Round robin is a simple but effect arbitration scheme, and it established the baseline for weighted round robin arbiter, which we will cover in next post.

6 Comments

  1. In following example, request 0 gets starvation even if we use the right round robin:
    req = 100 & mask= 111 => grant = 100
    req = 010 & mask= 000 => grant = 010
    req = 111 & mask= 100 => grant = 100, while grant should be given to request 1 (grant=001). So, request 1 gets starvation

    1. Hi David, you asked a very interesting question. Round-robin guarantees fairness over long period of time, instead of momentarily. In your case, req 1 will be granted in the next cycle, so there is no actual starvation.

      I think you might be confused about the difference between round-robin and least recently granted. To grant request 1 as soon as it shows up, you’ll need least recently granted arbiter, instead of round-robin arbiter.

  2. Thanks for the post!

    Question on a specific case.
    mask = 3’b110; (or even 3’b100)
    req = 3’b001;
    mask_req = 3’b000;

    Since the mask is non-zero but the mask_req is zero, the arbiter will not grant req[0] until the mask changes to 3’b000, which will not happen unless req[2] is granted. Is my understanding correct?
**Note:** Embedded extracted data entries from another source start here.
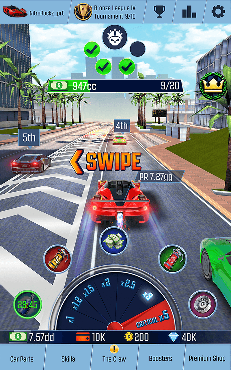 Idle Racing Go Clicker Tycoon liteapks with the Boss car. To make more money and boosters, complete achievements like reaching 1k performance, earning 2k cash, beating 100 opponents, completing Bronze League 5, tapping 200 times, etc. And also you can assemble sets with boosters. If you want more blueprints, swipe five times. Unlock more levels and get skills like Super Fuel for high performance, Automatic Ride for auto taps, Hazardous Nitro for critical Nitro chance, etc. To experience all these fun challenges, play Idle Racing GO: Clicker Tycoon and show your racing spirit.
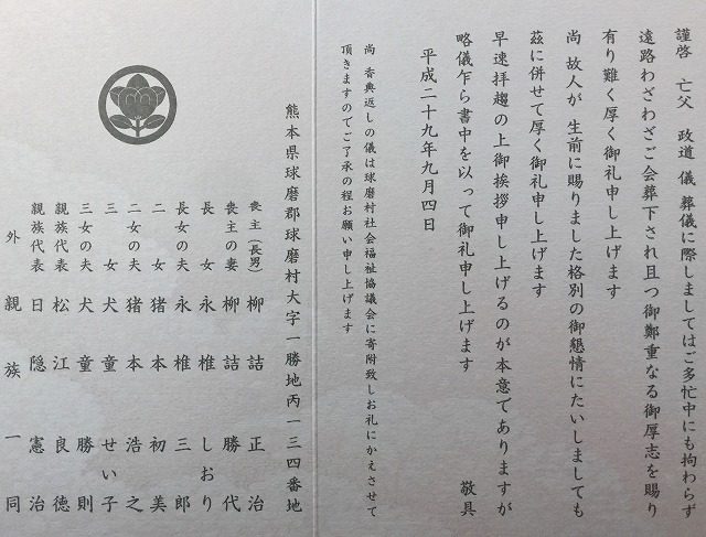 球磨村・柳詰正治村長 ご尊父 葬儀(人吉市内)
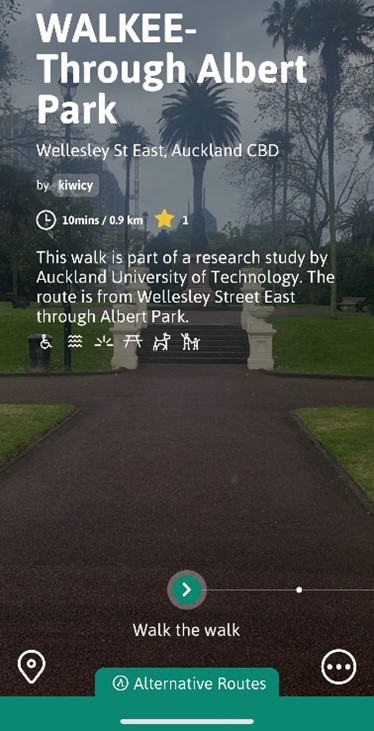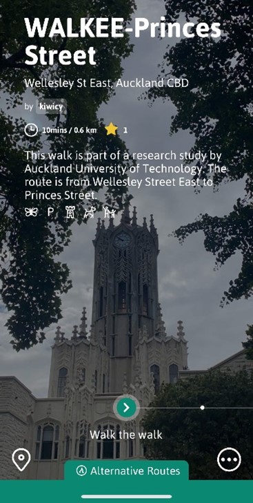 The walks are guided by the free Go Jauntly app, including a few questions about the walking experience, before, during, and after the walk.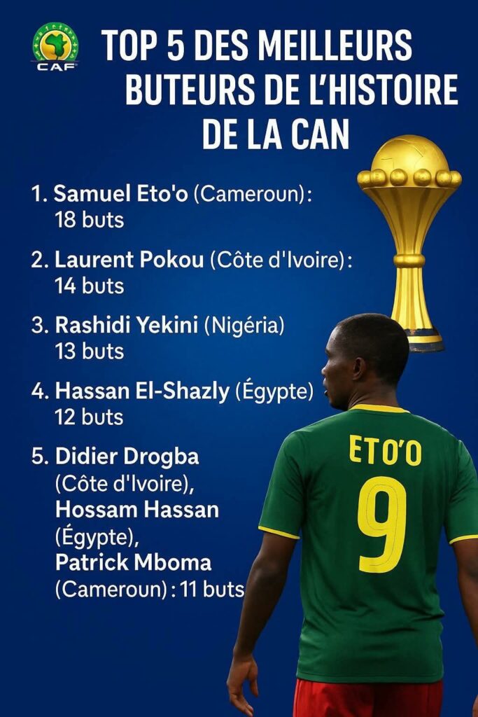 Il s’agit de l’attaquant des super eagle Rashidi Yekini. Classé parmi les légendes du football africain, l’avant-centre nigérian a inscrit 13 buts en coupe d’Afrique des Nations. Classé parmi les légendes du football ivoirien, Didier Drogba a marqué de son emprunte la coupe d’Afrique des Nations, même s’il jamais remporté ce trophée avec son pays. Le footballeur ivoirien affiche onze réalisations à son compteur dans cette compétition. Il est à égalité avec une autre légende du football camerounais, devenue aujourd’hui consultant sportif. Patrick M’Boma figure parmi les meilleurs buteurs de cette compétition avec onze buts à son compteur également.
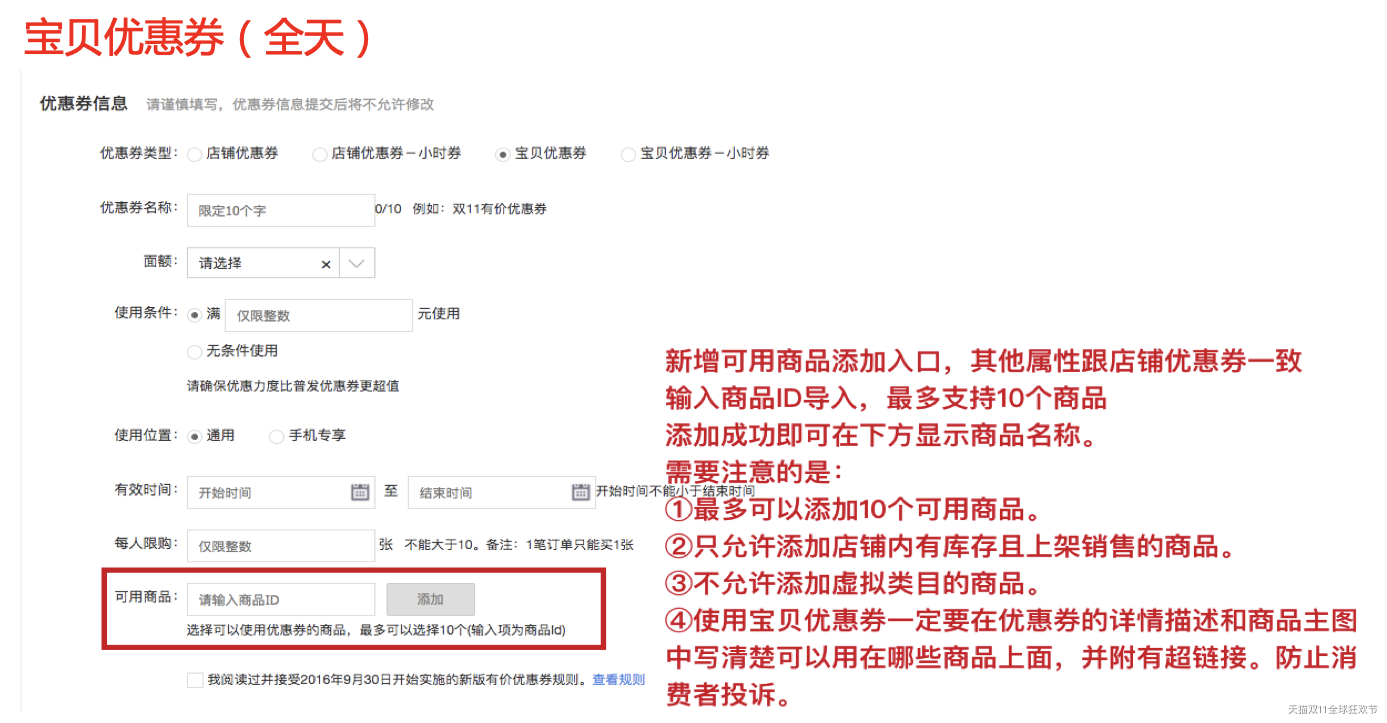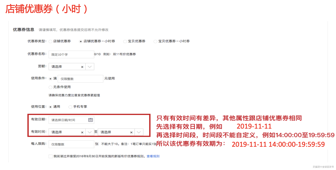 | 10.15 00:00-11.07 23:59 | 新建有价优惠券 | 只能新建双11当天使用的有价优惠券 |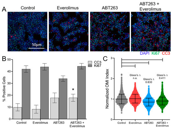 ABT263 and everolimus combination therapy increases cell death and decreases optical metabolic imaging (OMI) index. (A) Representative images of STC-1 cells stained for Ki67 (green) and CC3 (red), with DAPI stained nuclei (blue), (B) Quantified results from the stain show the number of DAPI cells that were also positive for Ki67 or CC3. There was a significant increase in the percent positive CC3 cells with combination treatment vs. control; * indicates p < 0.05, using an ANOVA (n = 24 regions of interest), (C) Quantified OMI index [linear combination of NAD(P)H mean lifetime (τm), FAD τm, and redox ratio with the coefficients [1, 1, −1], respectively from STC-1 cells treated with ABT263 and everolimus. Redox Ratio is defined as NAD(P)H intensity/FAD Intensity. Bars indicate p < 0.01 from an ANOVA (n = 2500 cells). Glass’s delta (Δ) values are also shown for treatment vs. control conditions, n.a. indicates non-applicable Glass Δ due to increase in OMI index (decrease in OMI index indicates drug response, increase or no change in OMI index indicates non-response [20]).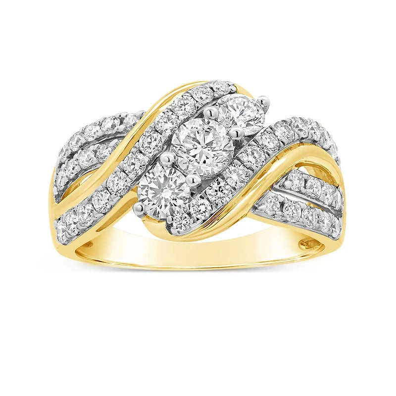 Turn heads with the bold brilliance of the New Brilliance Lab Grown Diamond Fashion Ring. Crafted in warm 10K yellow gold, this luxurious piece features 1.45 carats total weight of lab grown diamonds in a dazzling, multidimensional design. At the centre, three larger round-cut diamonds take the spotlight, surrounded by gracefully curved rows of smaller diamonds that intertwine in a flowing, wave-like pattern. The intricate setting enhances the ring’s sparkle and adds a sense of movement and elegance, making it a standout piece for any occasion.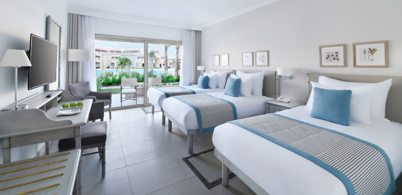 55 м2, люкс с кроватью размера queen-size, вид на бассейн, количество гостей: 2 взрослых + 2 ребенка или 3 взрослых + 1 ребенокSuperior Triple, Queen or Twin Bed, Garden or Pool View

    I’m wondering if the the final grant should sample mask_req to decide on the grant signal to pick.

    // final grant
    assign grant = (mask*_req* == 3’b000) ? raw_grant : mask_grant;

    1. Hi Adithya,
      You’re right. The final grant should sample the “mask_req” instead of “mask”. I’ll update the code. Thanks for pointing this out!